» Description of the task:
Examine each line in the records below for the word "einer". Report how many lines contain it, and nothing else.

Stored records
====

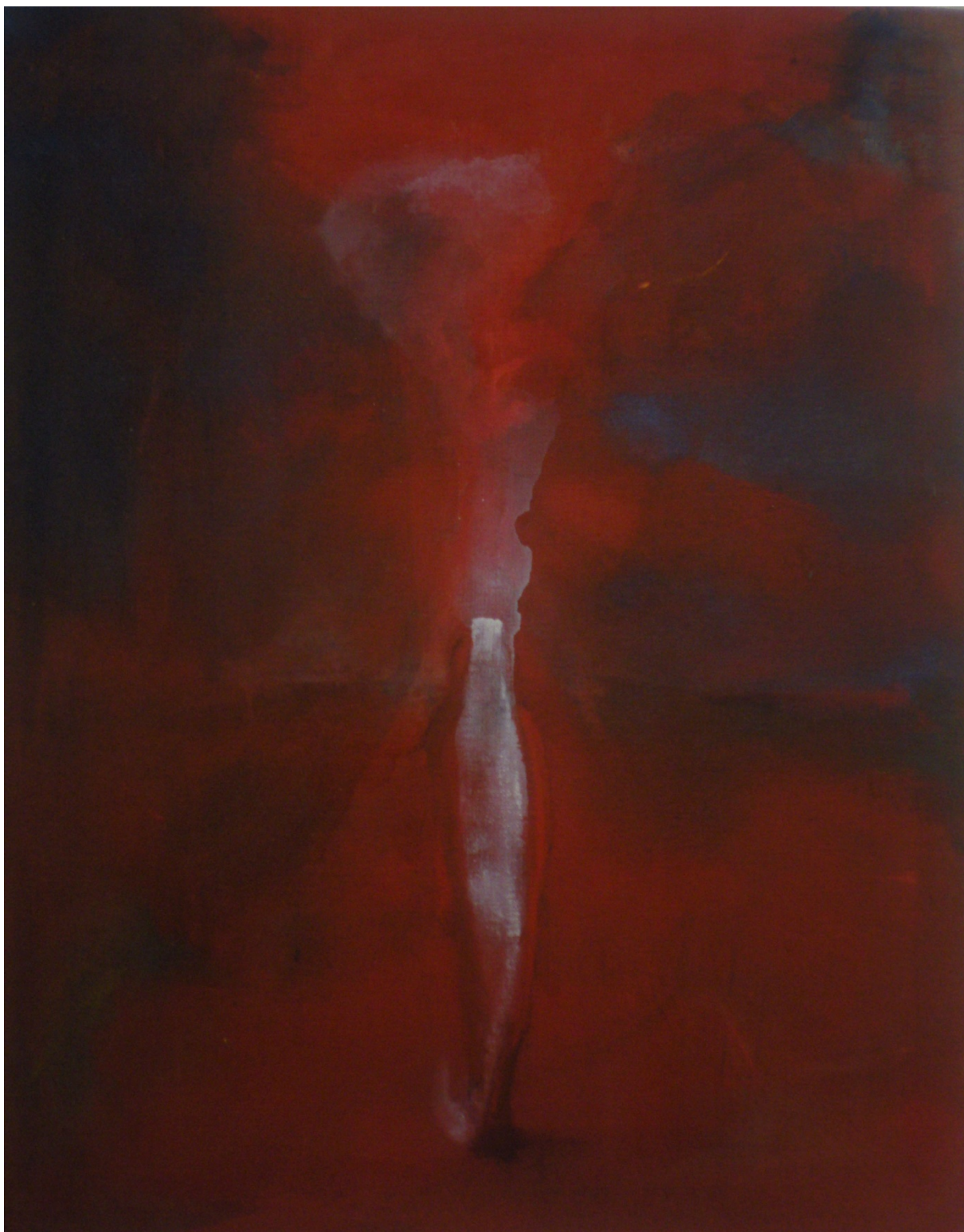
Prorok – 2014, 60x75cm, akrylová malba na plátně,
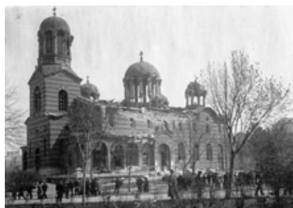
Храмът след атентата от 1925 г.

Преди 90 години – на 16 април 1925 г., верни на терористичната и рушителната си природа, българските комунисти, вдъхновени поръчково от вождовете си Георги Димитров и Васил Коларов, извършиха чудовищен терористичен акт, като взривиха катедралния храм „Св. Неделя“ с желание под развалините му да намери смъртта си и тогавашният български цар Борис III, който се е предполагало, че ще бъде в храма по това време. Вместо него там намериха смъртта си стотици невинни граждани. Днес техните следовници са първи под знамената на антитероризма. Това не им пречи да издигат паметници и с имената на вдъхновителите си да назовават градове, местности и улици в Родината ни.
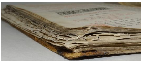
Fig. 3. Degradări ale tranșelor
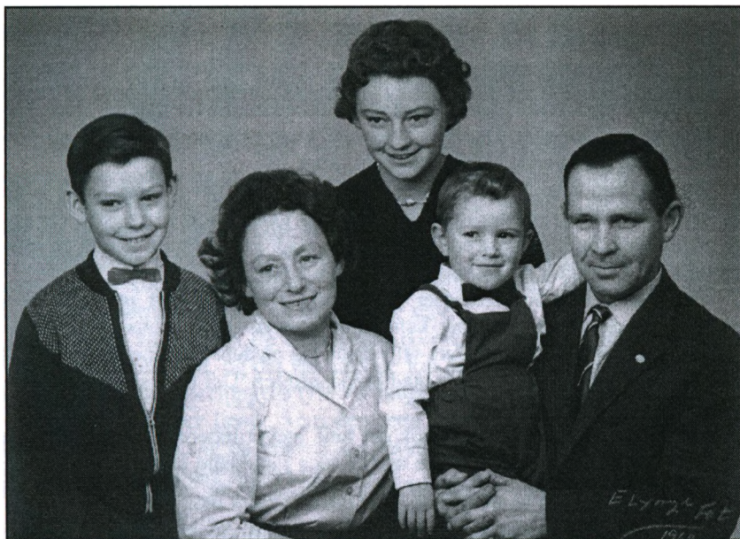
Familiefoto fra 1960.
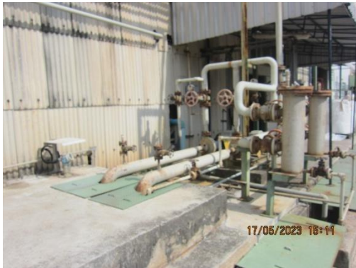
รูปที่ 7 บ่อตรวจสอบคุณภาพน้ำเสียของโรงงาน
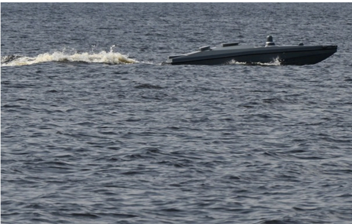
Морський дрон врятував екіпаж збитого американського гелікоптера

Після збиття, пілоти близько двох годин дрейфували у водах біля узбережжя Оману.
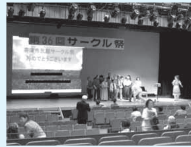
市民活動の内容を知るチャンス

日時 6月7日(土)、8日(日)10時～16時 場所 高津市民館 囲高津市民館☎814-7603、FAX833-8175
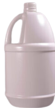
1 Galón (3,785 litros) 38 mm

Recipientes fabricados con materia prima recuperada, aptos para empaque de líquidos no corrosivos o químicos menos fuertes
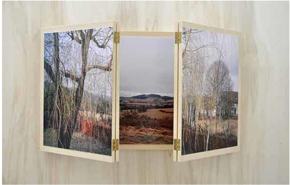
Figure 4. L'histoire de Just , réalisé par Marie Preston à partir de photographies de Monique Lucazeau et avec l'aide de Jean-Philippe Darini. Polyptyque photographique. Frêne et photographie argentine, 243 x 50 cm, 2012 © Marie Preston.
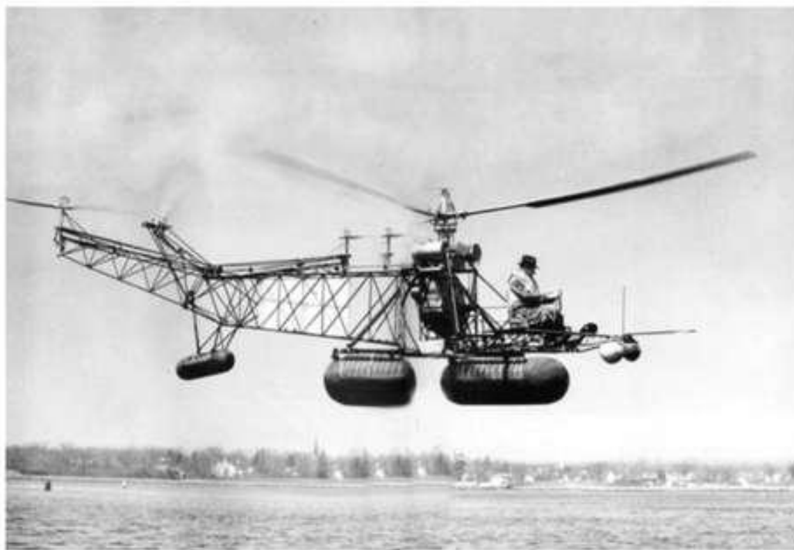
Ігор Сікорський під час випробувального польоту на гелікоптері VS-300А. 1941 рік.

А в 1941 році Ігор Сікорський побудував гелікоптер VS-300А
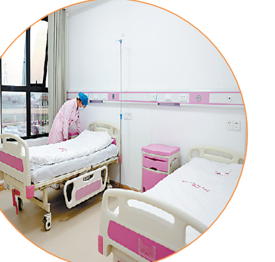
标准化病房明亮而温馨
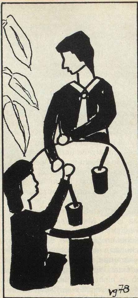
Vielleicht kam er zu spät, weil er noch mit ihr zusammen in einer Bar sass und etwas trank

Indessen hat das Telefon geläutet, aber nur einmal, wie es manchmal vorkommt, wenn einer merkt, dass er die falsche Nummer gewählt hat und den Hörer ganz rasch wieder niederlegt. Es ist mir aber dabei eingefallen, dass es leicht möglich war, dass der Felix vom Büro anruft, und warum habe ich denn plötzlich Tränen in den Augen, aber das macht nichts, er sieht mich ja nicht. Er hört nur meine Stimme, und meine Stimme ist ganz sanft und fröhlich. Was sagst du? Du kommst nicht zum Essen? Ob das was macht? Aber natürlich nicht. Gar nichts macht das. Ich bin sogar froh. Ich hab' noch zu bügeln, und ich wollte auch später gern zum Friseur. Nein, ich habe gar nichts Besonderes vorbereitet. Ich habe noch nicht einmal angefangen zu kochen. Geht es dir gut, Liebster? Mir? Wunderbar. Es ist ja so ein schöner Tag. Auf heute abend, ja... Ja, so wollte ich es machen, ganz leicht, ganz frei. Und so wollte ich auch mit ihm reden, wenn er kam. Eigentlich hätte er ja jetzt schon da sein müssen. Es war halb zwei Uhr vorbei, und er kam immer eher pünktlich nach Hause. Er hatte auch immer grossen Appetit mittags, und er wusste, dass es an dem Tag Schnitzel gab, die er sehr gern ass. Aber vielleicht wusste er das
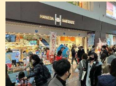
北海道いしかりフェア (どさんこプラザ羽田空港店)
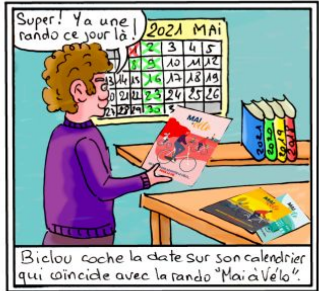
Biclou coche la date sur son calendrier qui coïncide avec la rando "Mai à Vélo".

====

» Task answer:
2